DENVER—Sen. Mark Udall was cleared by state officials last week of using intimidation to skew Colorado’s insurance-cancellation figures, but it turns out Insurancegate isn’t over just yet.
Colorado Senate Republicans sent a letter Wednesday asking state Insurance Commissioner Marguerite Salazar for more details on the cancelled insurance policies stemming from the Affordable Care Act.
First on the list is an updated number of how many individual policies have been cancelled due to Obamacare, as well as how many employer plans have been cancelled.
The state insurance division reported in November that nearly 250,000 individual policies had been cancelled, a number that was frequently repeated until last week, when Rep.
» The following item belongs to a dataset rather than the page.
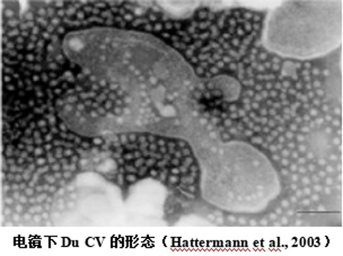 最早在2002年,德國科學(xué)家Hattermann 發(fā)現(xiàn)勃蘭登堡某養(yǎng)鴨場的法國番鴨表現(xiàn)出羽毛凌亂、生長遲緩、體重減輕等癥狀,認(rèn)為這與其他禽類感染圓環(huán)病毒后的臨床特點很相似,于是對樣品進行負(fù)染電鏡(EM)檢測發(fā)現(xiàn),法氏囊中存在無囊膜的球狀病毒,直徑大約為 15~16nm。最終根據(jù)圓環(huán)病毒rep基因的鑒定,發(fā)現(xiàn)與其他圓環(huán)病毒同源性僅39%~60%,與鵝圓環(huán)病毒同源性最高,但也僅為82%。推斷新發(fā)現(xiàn)的可能為新的圓環(huán)病毒,鴨圓環(huán)病毒DuCV。

Cory Gardner, Colorado Republican, received a letter from Salazar’s office saying that the number is now over 335,000.
“Senate Republicans find it extremely troubling that 85,000 additional Coloradans have had their insurance policies cancelled due to Obamacare in just over two months,” said the letter, signed by all 17 Republican state senators.
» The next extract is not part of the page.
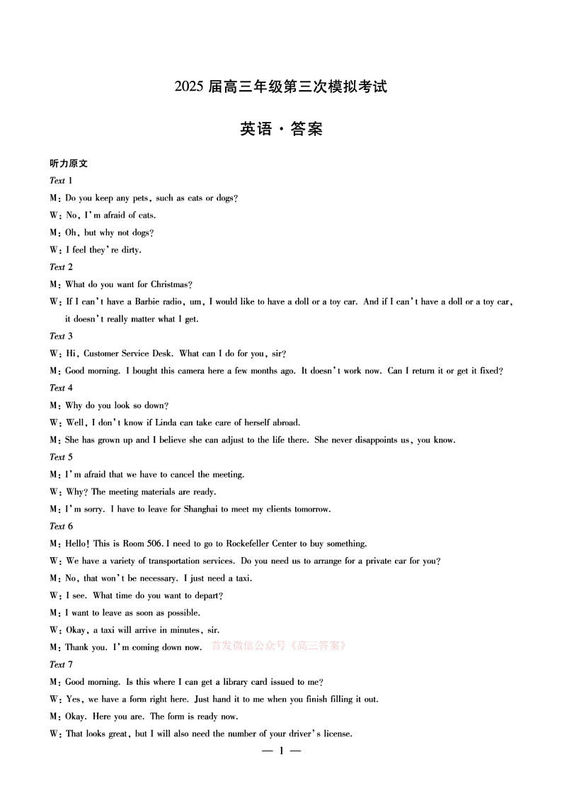 河南省2025届高三年级第三次模拟考试 英语答案.pdf

The letter also requests a geographic breakdown of policy cancellations by county “to better illustrate which parts of the state have been impacted the most by cancellations,” as well as a price differential between the old policies and proposed replacement policies.
Udall aides had pressed Salazar’s office to reconfigure the cancellation figures by including the number of policy renewals offered to those whose policies were struck, according to emails obtained and released two weeks ago by Complete Colorado.
Critics argue that the renewal options are inevitably more expensive than the cancelled policies, due to the increased benefits mandated under Obamacare.
The Senate Republicans also asked the insurance division to release data on a monthly basis showing the number of individual and employer-based insurance cancellations.
“Unemployment data is reported on a monthly basis and a similar reporting system for policy cancellations would greatly benefit the citizens of Colorado,” said a statement by the Colorado Senate Republicans.
At a Jan. 14 legislative hearing, Salazar brushed off the aggressive emails from Udall’s office, saying such exchanges are not uncommon. An email from one state insurance regulator accused Udall’s staff of trying to “trash our numbers.”
The same day, the state Department of Regulatory Agencies rejected a request for an investigation filed by state Rep. Amy Stephens (R-Monument), saying that there was “no information to support an allegation of real (or perceived) intimidation.”
Republicans accused the agency heads of covering up for Udall, noting that they are appointed by Gov. John Hickenlooper. Both the governor and Udall are Democrats.